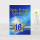 Uma grande estrela de ouro brilhante na qual você pode colocar o nome do aniversariante. O fundo é azul com lindas espirais brancas.
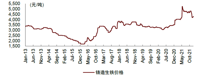 3、  原材料价格居高不下。从2020年下半年开始,风电上游的原材料价格开启一轮上涨,目前仍然高于过去几年的均值,对产业链各环节都有一定的盈利压力。
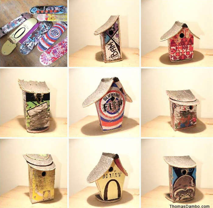 2012’de, kırılmış kaykaylardan yaptığı kuş yuvaları
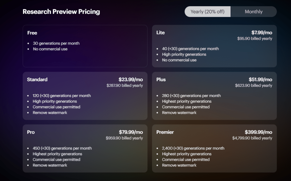 ps: eccovi i costi attuali per l’account Ai Lumalabs :
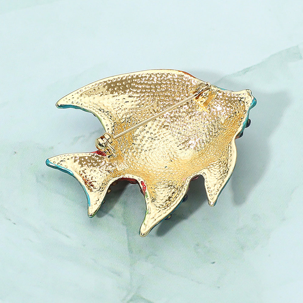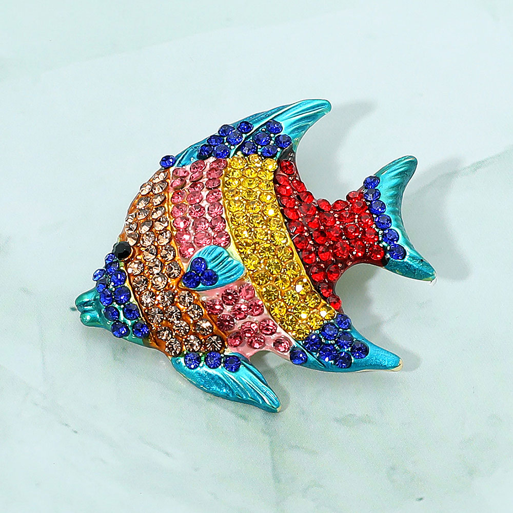 • Vibrant fish brooch adorned with sparkling rhinestones in a playful aquatic design. Perfect for adding a lively marine-themed accent to jackets, blouses, or bags with whimsical charm.
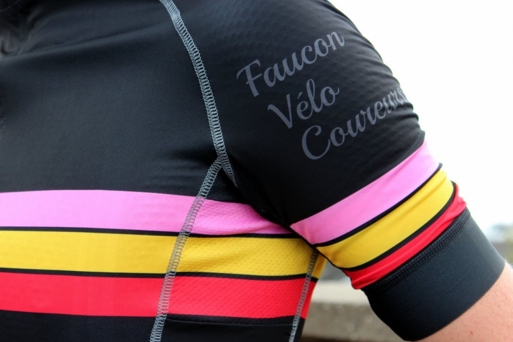 Faucon is French for falcon and the company’s logo – a falcon’s head – features on the right arm, on the back of the jersey and inside the collar. The words ‘Faucon Vélo Coureurs’ are written on the left arm.

• **Aim of the task**
Would you output the data above exactly as written, but with no images?

• **Response to this task**
 Uma grande estrela de ouro brilhante na qual você pode colocar o nome do aniversariante. O fundo é azul com lindas espirais brancas.
 3、  原材料价格居高不下。从2020年下半年开始,风电上游的原材料价格开启一轮上涨,目前仍然高于过去几年的均值,对产业链各环节都有一定的盈利压力。
 2012’de, kırılmış kaykaylardan yaptığı kuş yuvaları
 ps: eccovi i costi attuali per l’account Ai Lumalabs :
 • Vibrant fish brooch adorned with sparkling rhinestones in a playful aquatic design. Perfect for adding a lively marine-themed accent to jackets, blouses, or bags with whimsical charm.
 Faucon is French for falcon and the company’s logo – a falcon’s head – features on the right arm, on the back of the jersey and inside the collar. The words ‘Faucon Vélo Coureurs’ are written on the left arm.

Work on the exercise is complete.